[TASK PROMPT] The data should be written out in full, exactly as it stands, and the pictures dropped.

Records contained in a dataset
-- -- --
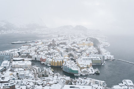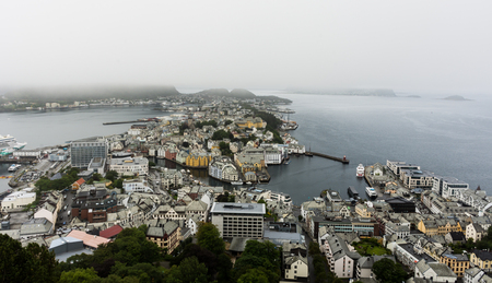 Panoramic view of Ã…lesund, Norway, on a foggy day
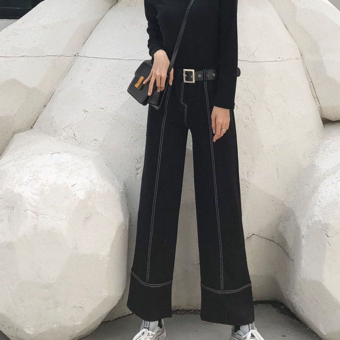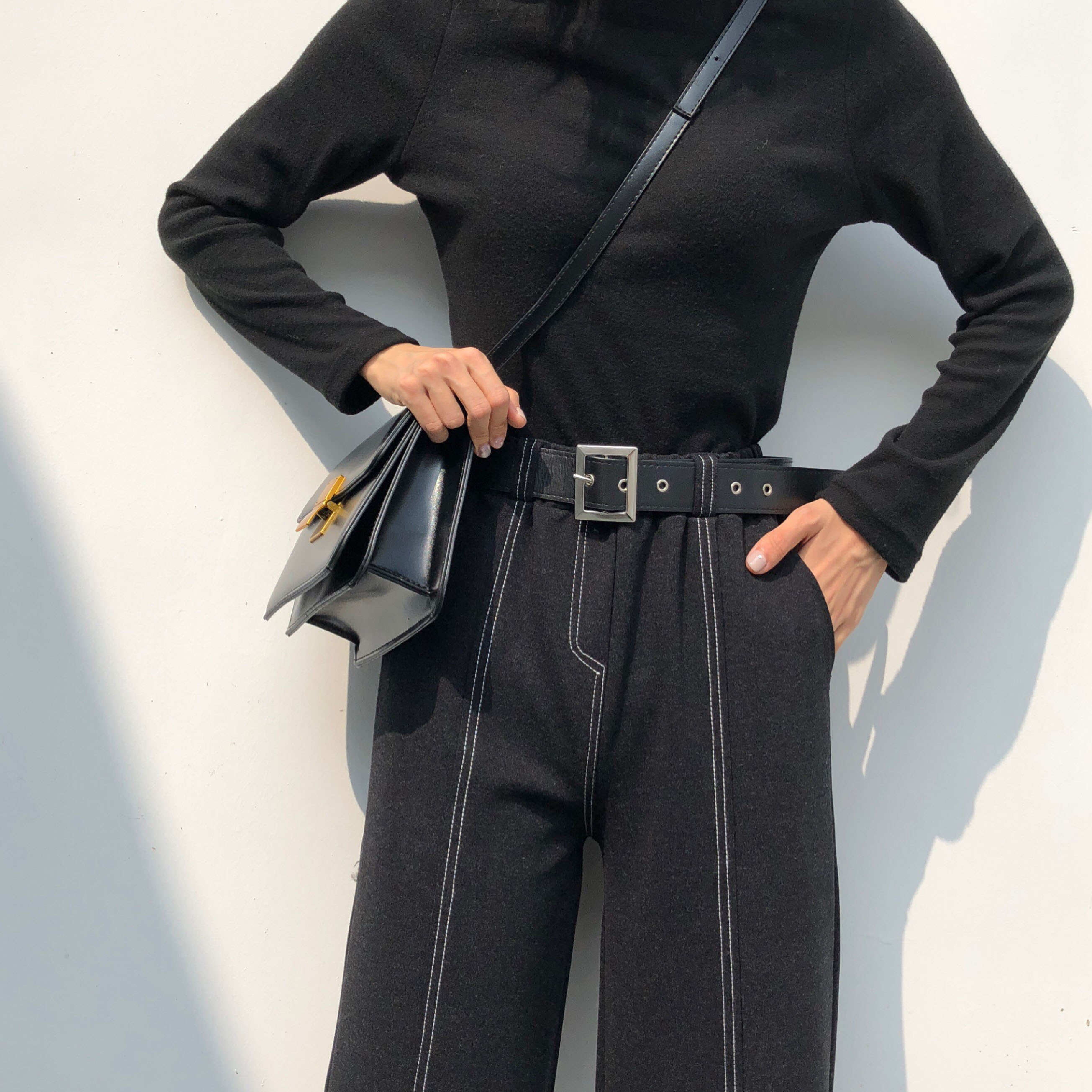/ 復古韓國chic風百搭高腰顯瘦毛呢直筒闊腿褲女秋冬2018新款配皮帶
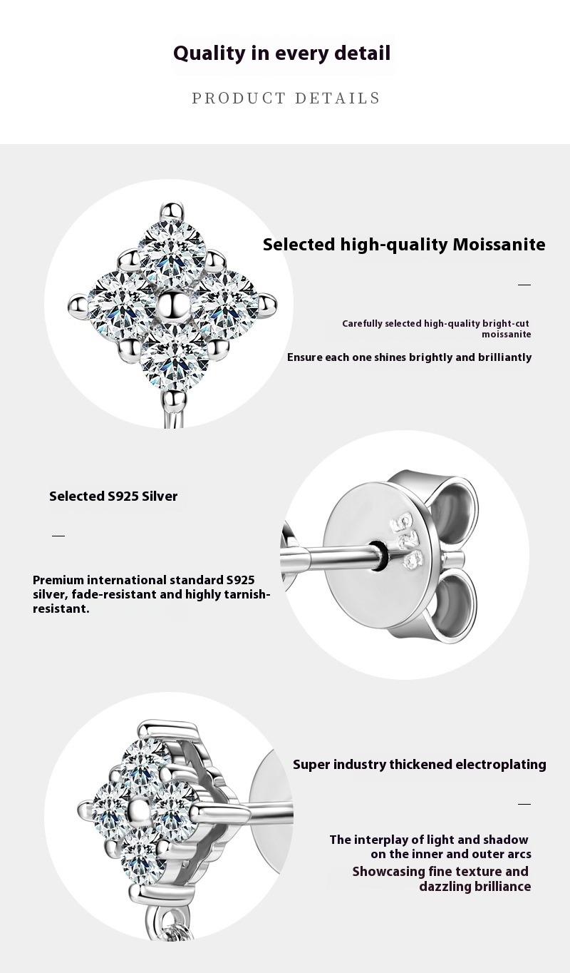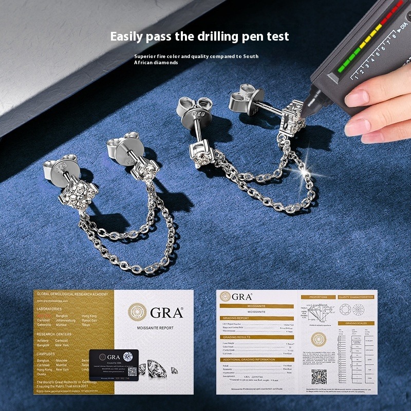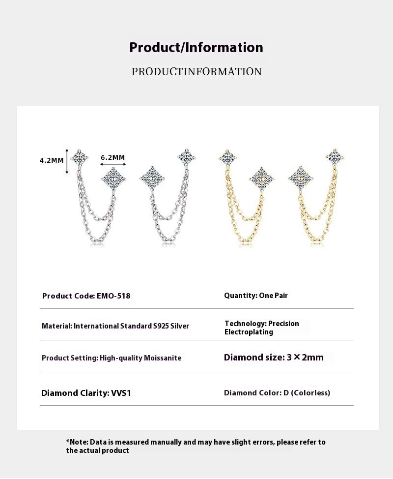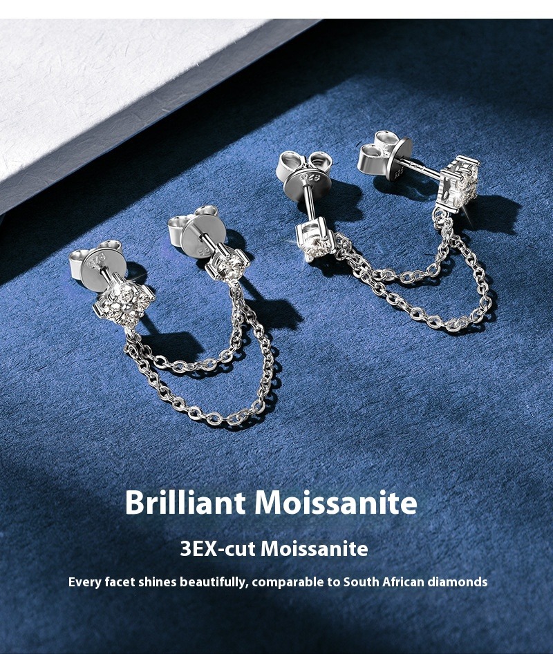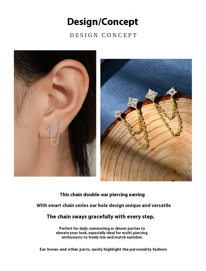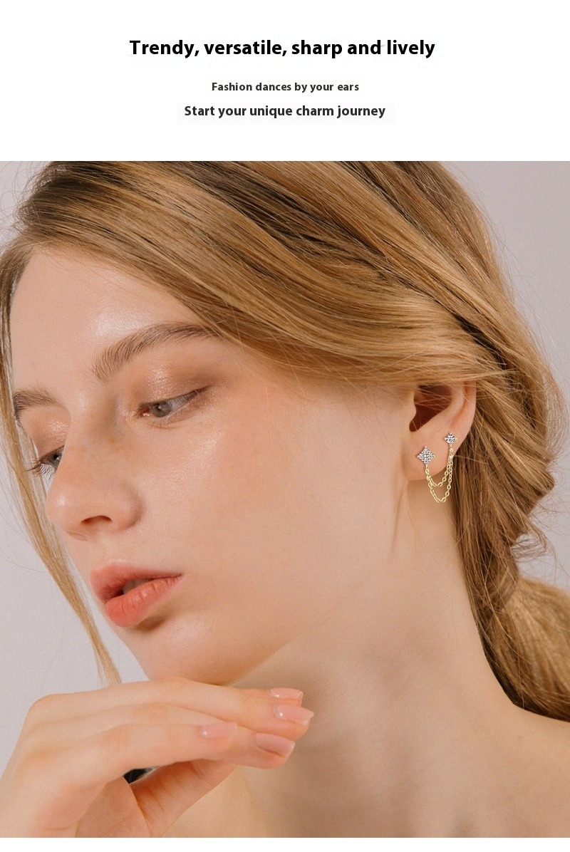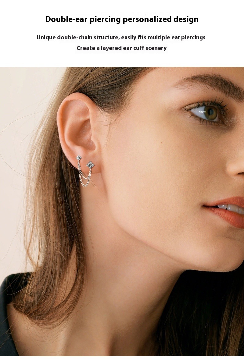 S925 Sterling Silver Clover Chain Fringe Earrings - Double Piercing Design
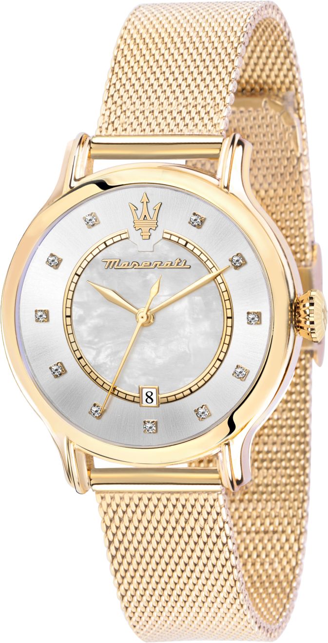 Maserati Epoca R8853118512 on kello, joka kuvastaa Maserati-brändin tinkimätöntä laatua, eleganssia ja tyyliä. Kultainen sävy näkyy kellotaulussa, sen kehällä ja mesh-tyylisessä rannekkeessa. Zirkonkoristelu kellotaulussa antaa viimeisen silauksen kellolle. Tämä malli on myös varustettu päivyrillä, joka on sijoitettu kello kuuteen.
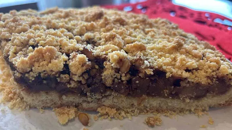 Questa sbriciolata strudel è un dolce che unisce la rustica fragranza della frolla sbriciolata alla ricchezza aromatica del ripieno di mele classico. Il risultato è un dessert dal contrasto di consistenze perfetto: una base compatta e friabile che sostiene un cuore morbido e succoso, avvolto da una crosta dorata e granulosa. Le mele Golden, cotte fino a diventare tenere, si sposano con la dolcezza caramellata dello zucchero di canna e il calore della cannella.
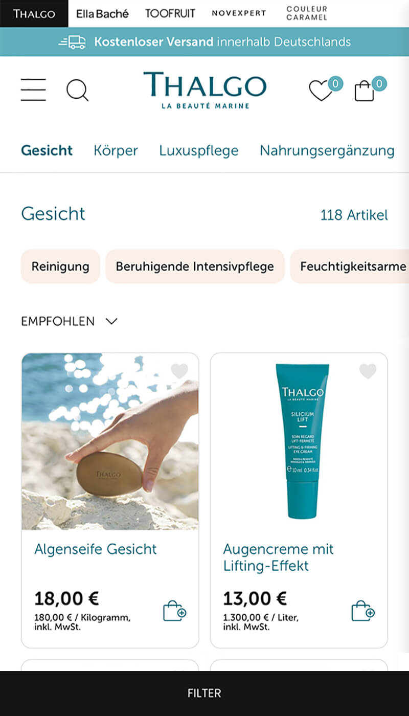 Der Relaunch von Thalgo hebt die Marke digital auf ein neues Level. Mit klarer Struktur, starker Nutzerorientierung und moderner Technik bietet der Webshop ein hochwertiges Einkaufserlebnis, das die exklusive Positionierung von THALGO unterstreicht und den Weg für weiteres Wachstum ebnet.
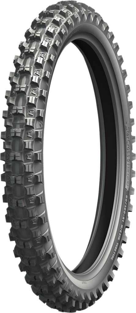 More lightweight and maneuverable, the new MICHELIN Starcross 5 Medium tire features a combination of technologies. The key point is its carcass, which is considerably more flexible. Its performance on straight stretches and curves is optimized, providing your motorcycle with improved traction and steadier handling around curves, High-performance motocross tires designed for mixed to hard terrain - Designed to deliver high levels of performance across the broadest range of conditions and terrain found in motocross and off-road riding, Versatile all-day performance - The tire's versatility allows riders to enjoy optimized performance in conditions and terrain that can often change over the course of a day, Traction at all lean angles - The intermediate tread blocks are positioned in staggered rows to maximize traction and feedback throughout varying lean angles, Designed to give the ultimate performance, Tube type (TT), Blackwall
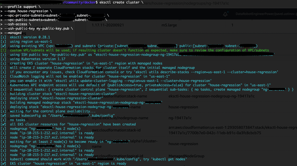 eksctl create cluster \ --name house-regression \ --ssh-access \ --ssh-public-key my-public-key.pub \ --managedNotes
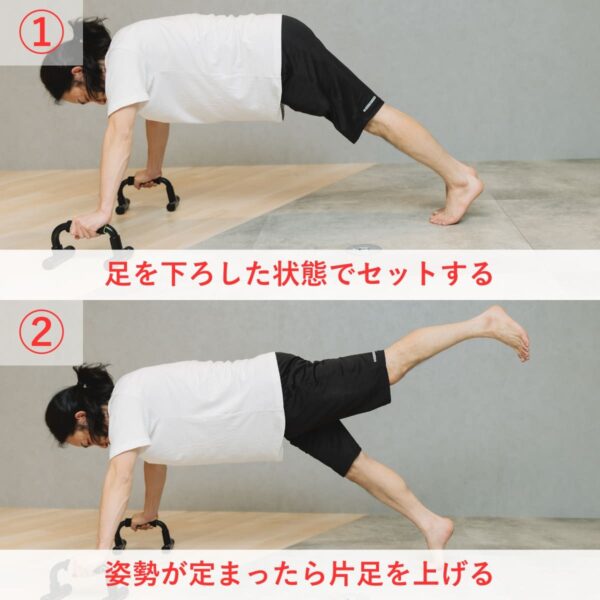 足を上げる系の種目は、足を上げながらポジションを決めるのではなく、普通に構えてポジションを整えてから足を上げるのが基本です。
-- -- --
[TASK SOLUTION]
 Panoramic view of Ã…lesund, Norway, on a foggy day
/ 復古韓國chic風百搭高腰顯瘦毛呢直筒闊腿褲女秋冬2018新款配皮帶
 S925 Sterling Silver Clover Chain Fringe Earrings - Double Piercing Design
 Maserati Epoca R8853118512 on kello, joka kuvastaa Maserati-brändin tinkimätöntä laatua, eleganssia ja tyyliä. Kultainen sävy näkyy kellotaulussa, sen kehällä ja mesh-tyylisessä rannekkeessa. Zirkonkoristelu kellotaulussa antaa viimeisen silauksen kellolle. Tämä malli on myös varustettu päivyrillä, joka on sijoitettu kello kuuteen.
 Questa sbriciolata strudel è un dolce che unisce la rustica fragranza della frolla sbriciolata alla ricchezza aromatica del ripieno di mele classico. Il risultato è un dessert dal contrasto di consistenze perfetto: una base compatta e friabile che sostiene un cuore morbido e succoso, avvolto da una crosta dorata e granulosa. Le mele Golden, cotte fino a diventare tenere, si sposano con la dolcezza caramellata dello zucchero di canna e il calore della cannella.
 Der Relaunch von Thalgo hebt die Marke digital auf ein neues Level. Mit klarer Struktur, starker Nutzerorientierung und moderner Technik bietet der Webshop ein hochwertiges Einkaufserlebnis, das die exklusive Positionierung von THALGO unterstreicht und den Weg für weiteres Wachstum ebnet.
 More lightweight and maneuverable, the new MICHELIN Starcross 5 Medium tire features a combination of technologies. The key point is its carcass, which is considerably more flexible. Its performance on straight stretches and curves is optimized, providing your motorcycle with improved traction and steadier handling around curves, High-performance motocross tires designed for mixed to hard terrain - Designed to deliver high levels of performance across the broadest range of conditions and terrain found in motocross and off-road riding, Versatile all-day performance - The tire's versatility allows riders to enjoy optimized performance in conditions and terrain that can often change over the course of a day, Traction at all lean angles - The intermediate tread blocks are positioned in staggered rows to maximize traction and feedback throughout varying lean angles, Designed to give the ultimate performance, Tube type (TT), Blackwall
 eksctl create cluster \ --name house-regression \ --ssh-access \ --ssh-public-key my-public-key.pub \ --managedNotes
 足を上げる系の種目は、足を上げながらポジションを決めるのではなく、普通に構えてポジションを整えてから足を上げるのが基本です。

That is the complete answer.